Демографические различия и исторические перемены
Существуют данные по США, полученные в результате проведенного в общенациональном масштабе выборочного измерения всех трех мотивов [J. Veroff et al., 1960; J. Veroff, S. C. Feld, 1970]; частично мы их уже затрагивали при рассмотрении ключевых категорий анализа Вероффа. Мак-Клелланд [D. С. McClelland, 1975] предпринял межнациональное сравнительное исследование, направленное на диагностику (на основе анализа хрестоматийных рассказов 1925 г. для 41 страны) «имперской костелляции мотивов» (высокий мотив власти в сочетании с низким мотивом аффилиации при высоком показателе задержки активности) и проверку гипотезы о ее корреляции с такой структурой национального бюджета в 50-е гг., когда ассигнования на оборону выше, а ассигнования на потребление ниже тех же ассигнований в странах с иной мотивационной констелляцией. Результаты подтвердили эту гипотезу.

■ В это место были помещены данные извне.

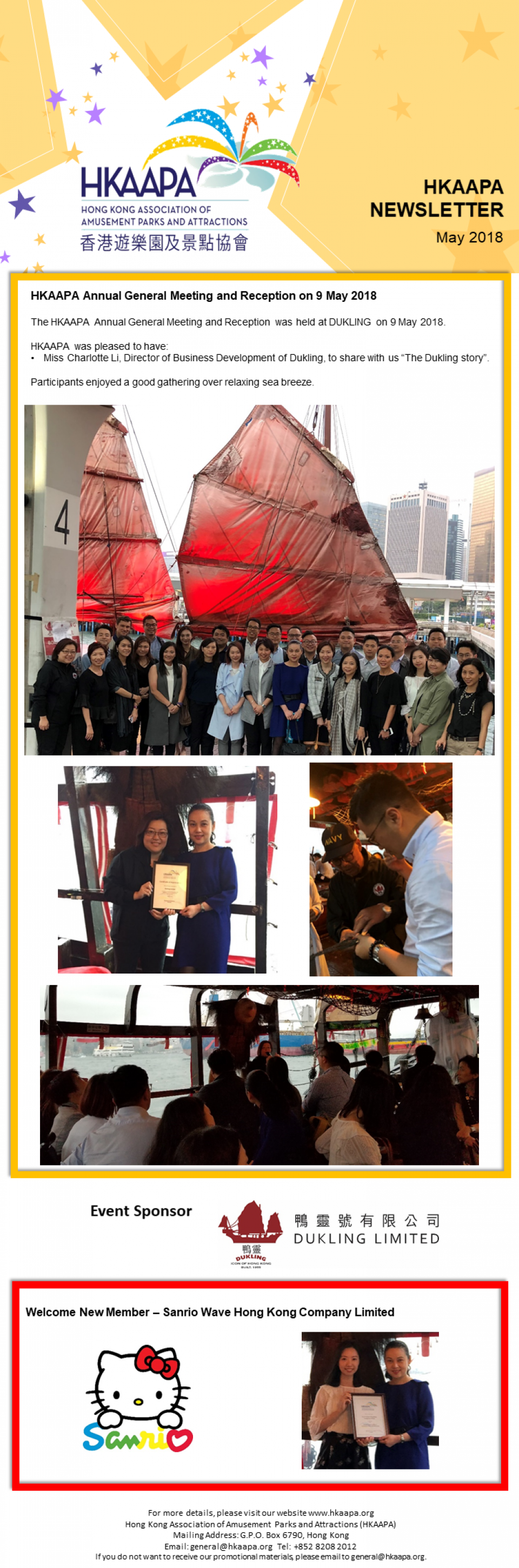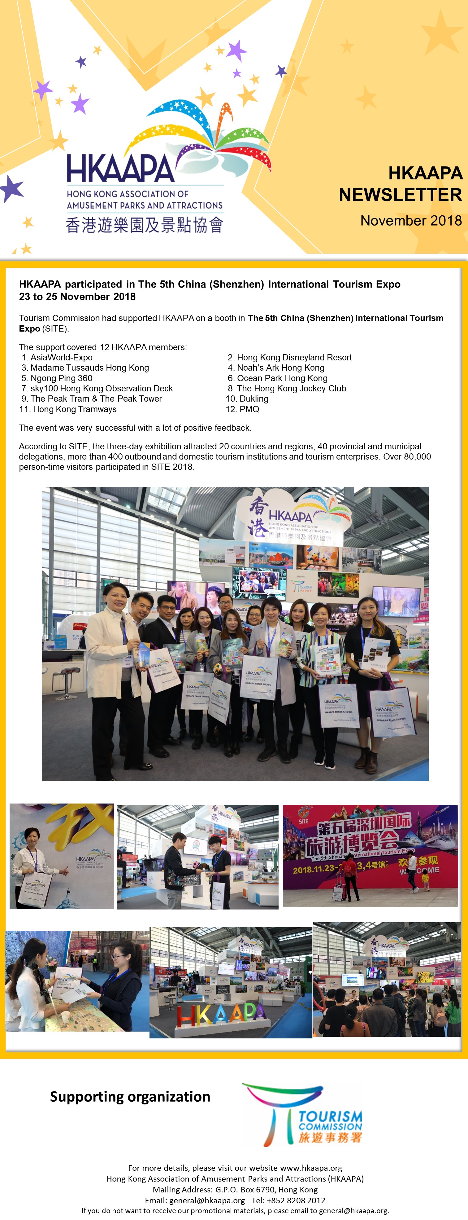 About HKAAPA Founded in 2012, the Hong Kong Association of Amusement Parks and Attractions (HKAAPA) is an association with a mission to unite amusement parks and attractions in Asia, working closely together to promote tourism, connect members with manufacturers and suppliers, develop young professionals and ensure the continued success of the attractions industry and Hong Kong tourism. We serve as ambassadors to promote a positive image of the industry and be a voice to the government and public on industry matters. Founder members and board members of HKAAPA include AsiaWorld-Expo, Hong Kong Disneyland Resort, Madame Tussauds Hong Kong, Ngong Ping 360, Noah’s Ark Hong Kong, Ocean Park Hong Kong, sky100 Hong Kong Observation Deck, the Hong Kong Jockey Club and The Peak Tram & The Peak Tower.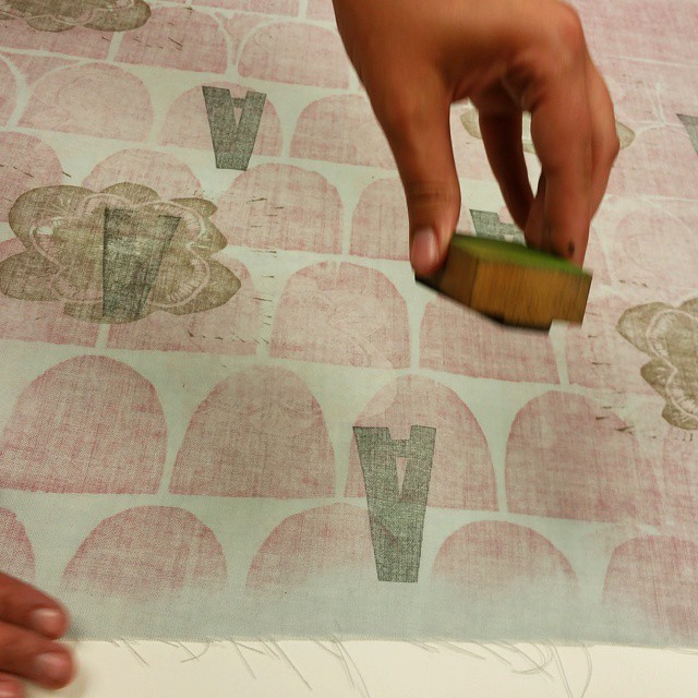 In this class, students will create richly coloured prints on fabric using linoleum, woodblocks, rollers, and letterpress blocks. We will cover some of the challenges of printing on fabric versus paper, and use pre-cut blocks and other print matrices to experiment with printing on fabrics both by hand and in a printing press. You will go home with a beautifully printed .5 metre x .5 metre square of fabric to enjoy as is or to use in future projects.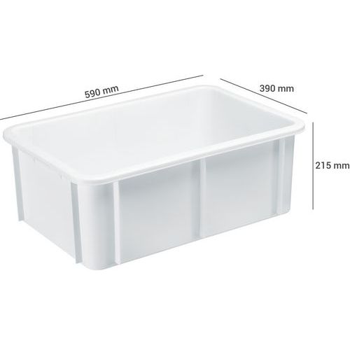 Caja de plástico rectangular para alimentos conforme a las dimensiones estipuladas en la norma Europa.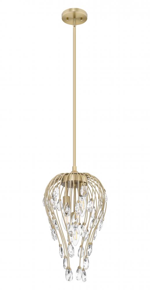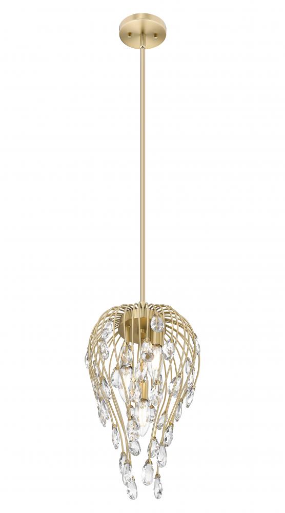 Embrace the botanical motif of this glam three-light pendant, an extraordinary luminaire featuring open metalwork with modern gold metal construction. Exquisite crystal pieces emulate buds capping stems as they radiate soft lighting and exude pure luxury. This dimmable light fixture makes itself at home in bedrooms, dining spaces, hallways, and living rooms.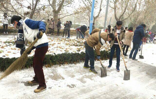 党委副书记耿会清和各班辅导员亲自到场组织指挥,全院学生共同参与,齐心协力清除积雪。
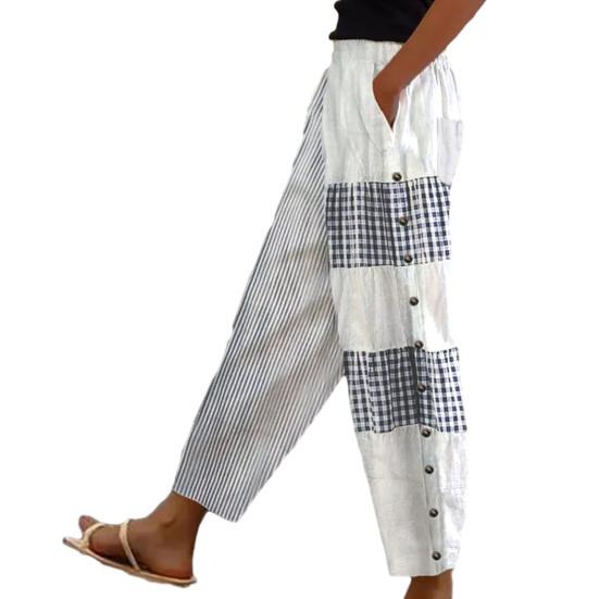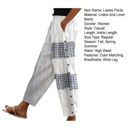 Представляем наши стильные и удобные женские брюки с прямыми штанинами, идеально подходящие для любого случая. Изготовленные из высококачественной хлопчатобумажной и льняной ткани, эти брюки мягкие, легкие и дышащие, что обеспечивает максимальный комфорт в течение дня. Строчка в клетчатую полоску добавляет модный штрих к дизайну, заставляя вас выглядеть элегантно и очаровательно, независимо от того, занимаетесь ли вы спортом или работаете.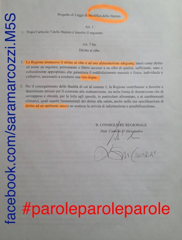 ODG: Progetto di Legge n. 78/2015 firmatari bipartisan D’Alessandro (PD) Sospiri (FI) con l’obiettivo di inserire in statuto il contrasto alla malnutrizione, il diritto a un ambiente sano, il diritto a una vita “degna”.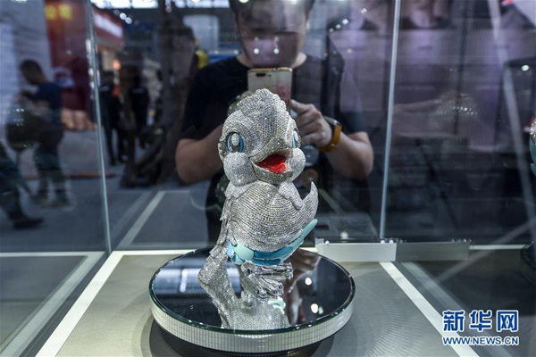 5月15日,觀眾在文博會現場拍攝鉆石擺件“鵬鵬”。當日,第十三屆中國(深圳)國際文化產業博覽交易會落下帷幕。據大會統計,本屆文博會成交2240.848億元,同比增長10.28%。其中,合同成交2064.348億元,零售及拍賣成交176.500億元。新華社記者 毛思倩 攝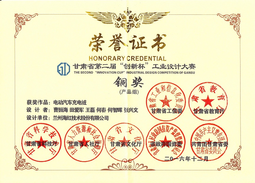 我公司“電動(dòng)汽車充電樁”產(chǎn)品榮獲甘肅省第二屆“創(chuàng)新杯”工業(yè)設(shè)計(jì)大賽(產(chǎn)品組)銅獎(jiǎng)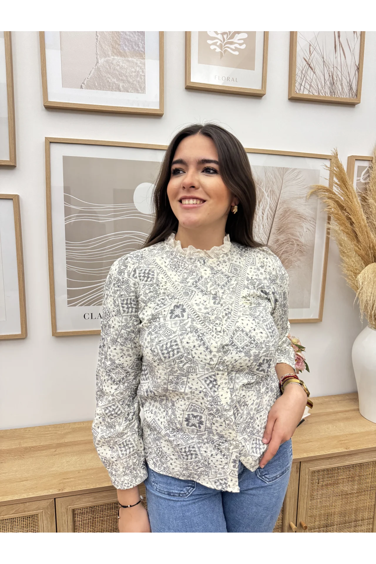 Camisa de tejido de algodón. Cuello mao con detalle de volante. Detalle de tira calada en pico en la zona delantera. Cierre con botones y manga larga.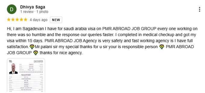 Hi, I am Sagadevan I have for saudi arabia visa on PMR ABROAD JOB GROUP every one working on there was so humble and the response our queries faster. I completed in medical checkup and got my visa within 15 days. PMR ABROAD JOB Agency is very safety and fast working agency is I have full satisfaction.?Mr.palani sir my special thanks for u sir your is responsible person ? PMR ABROAD JOB GROUP ? thanks for nice agency.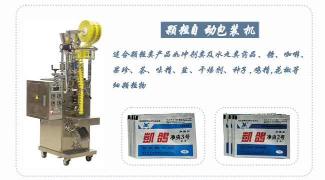 顆粒自動包裝機在醫藥行業是很受歡迎的,凱歌集團選擇這款顆粒自動包裝機擁有旗下的鴿藥包裝;配合自動貼標機更加方便了工作自動顆粒包裝機可以自動完成計量、制袋、充填、封合、打印批號、切斷及計數等全部工作;采用全數字顯示對于操作者來講更一目了然;采用電腦控制,步進電機驅動拉袋,自動完成包裝袋的定位、定長;包裝了包裝的密封性,藥品不外漏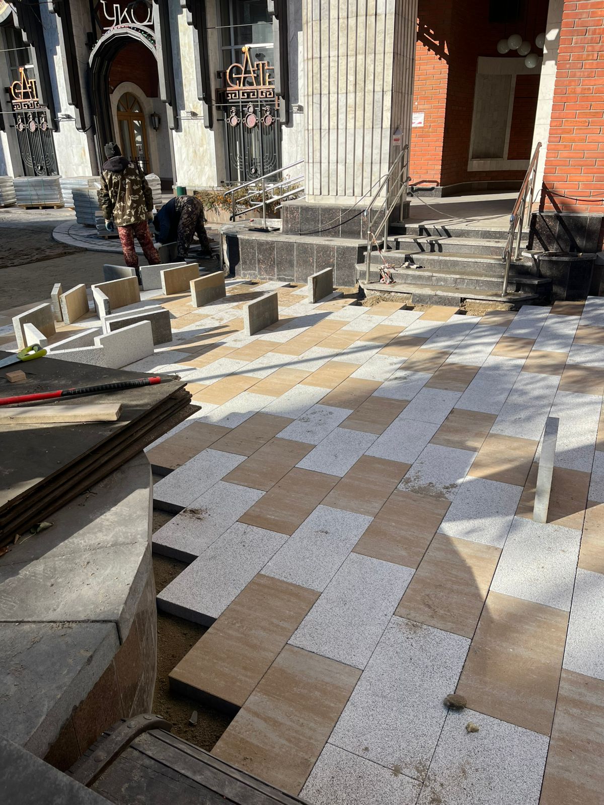 - Гибкость в дизайне: Легко комбинируется с крупноформатными плитами других размеров и камнями мощения.
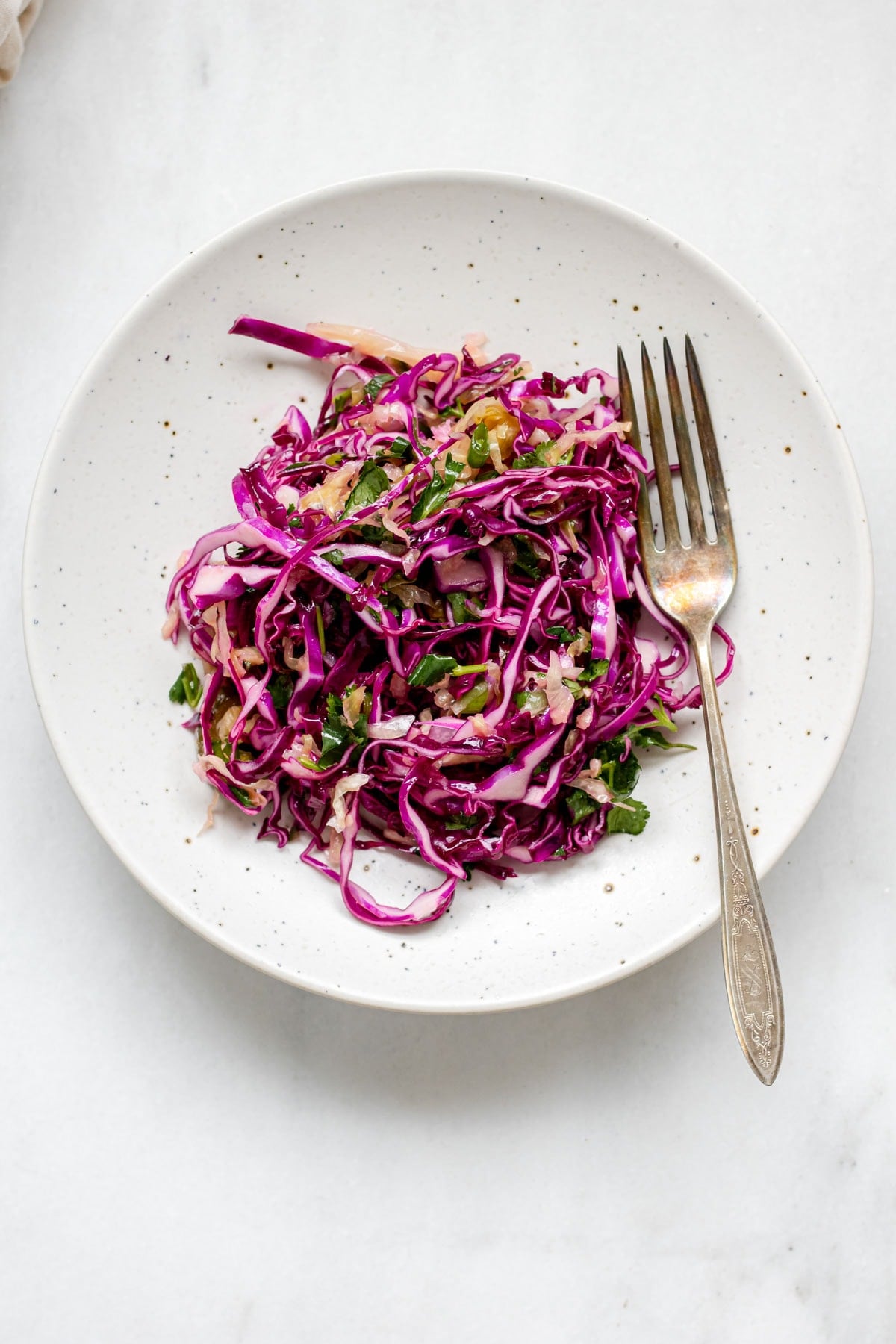 Because I am a recipe developer and a die-hard creative in the kitchen I have made no less than a dozen different types of slaw, this newest iteration may be my favorite. Briny red cabbage slaw spiked with just the right amount of sauerkraut, heat from jalapeno, zesty lime, garlic and cilantro.

Рис. 7.8. Динамика национальной констелляции мотивов (США) и вступление в войны в 1780 — 1970 гг. Заштрихованные участки обозначают периоды, когда тема власти в изучавшихся материалах была выражена ярче темы аффилиации [D. С. McClelland, 1975, р. 336] В своей работе Мак-Клелланд [D. С. McClelland, 1975] использовал также данные об историческом изменении национальных индексов мотивов (полученных на основе выборочного анализа литературных текстов за соответствующий период времени) для выяснения того, в какой мере распространение в стране «имперской констелляции мотивов» служит предвестником вступления в войну и, соответственно, мощных национальных движений протеста. Были проанализированы английская история 1500— 1800 гг. и американская история 1780—1970 гг. Рисунок 7.8 поясняет характер полученных взаимосвязей; на нем изображены изменения национальной констелляции мотивов в Соединенных Штатах (какой она запечатлена в текстах, имевших широкое распространение в тот или иной период времени,— сборниках рассказов для детей, романах и церковных песнопениях) в связи с войнами, в которых участвовали США с 1780 по 1970 г. Заштрихованные участки обозначают периоды с преобладанием «имперской констелляции мотивов», т. е. периоды, когда мотив власти превышал мотив аффилиации (величина мотива достижения роли не играет). Рисунок позволяет увидеть определенную временную последовательность, направление которой совпадало с ожидаемым. Если подобное объяснение постфактум мы сочтем достаточно строгим, чтобы отважиться на предсказание, то следует признать, что после 1970 г. в США сложились психологические предпосылки, заставляющие опасаться скорого вступления этой страны в новую войну.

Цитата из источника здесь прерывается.